This project draws significant inspiration from the table extraction modules of pdfplumber and PyMuPDF. Compared to pdfplumber and PyMuPDF, tablers has the following advantages:
- High Performance: Utilizes Rust for high-performance PDF processing
- Higher Accuracy: Tablers optimizes some table detection algorithms to address table extraction problems that other libraries have not fully solved, including:
- Mixed strategies where one is text and the other is lines (#8)
- Tables whose edges are actually narrow closepath polylines (#13)
- Extracting table content when the bottom border is absent (pdfplumber discussion #631)
- Table recognition when outer lines are missing (pdfplumber issue #1296)
- Excluding tables formed by invisible edges (pdfplumber issue #1357)
- More Configurable: Supports customizable table filter settings (
min_rows,min_columns,include_single_cell, e.g., see this issue) - Clean Python Dependencies: No external python dependencies required
Benchmark
Benchmarked on the ICDAR 2013 Table Competition dataset, evaluating both extraction speed and accuracy across tablers, PyMuPDF, pdfplumber, and camelot.

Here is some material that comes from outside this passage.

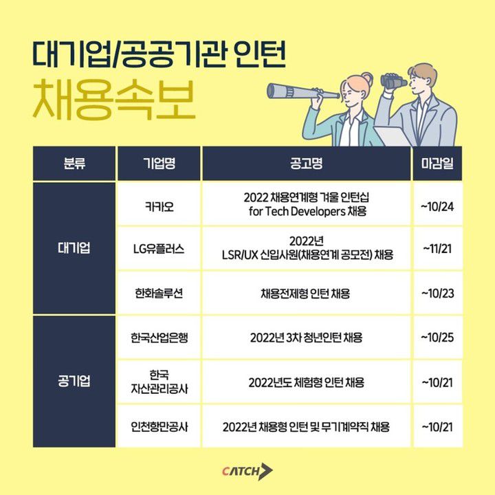 [서울=뉴시스]이현주 기자 = 대기업과 공공기관에서 실무 경험을 쌓을 수 있는 인턴 채용이 한창이다. 대기업 주요 기업으로는 카카오, LG유플러스, 한화솔루션이 있고, 공공기관 주요 기업으로는 한국산업은행, 한국자산관리공사, 인천항만공사가 있다.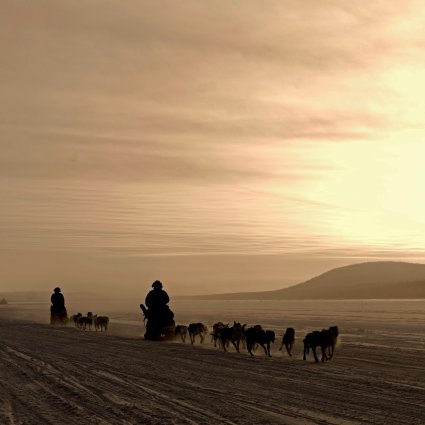 Enden Sie Ihren Aufenthalt im Eishotel auf eine aufregende Weise; reisen Sie mit dem Hundeschlitten vom Eishotel in Jukkasjärvi zum Flughafen Kiruna.

All libraries use their default configuration for table extraction. PyMuPDF excludes tables that have only one row or only one column (see PyMuPDF#3987), and this behaviour is not configurable; among the compared libraries, only tablers allows configuring minimum row/column counts. For a fair comparison, the benchmark therefore includes both tablers (default) and tablers (min 2×2) — the latter with min_rows=2 and min_columns=2 so that single-row/single-column tables are filtered out in the same way as in PyMuPDF. For more on the libraries and settings, see the Libraries compared section in tablers-benchmark.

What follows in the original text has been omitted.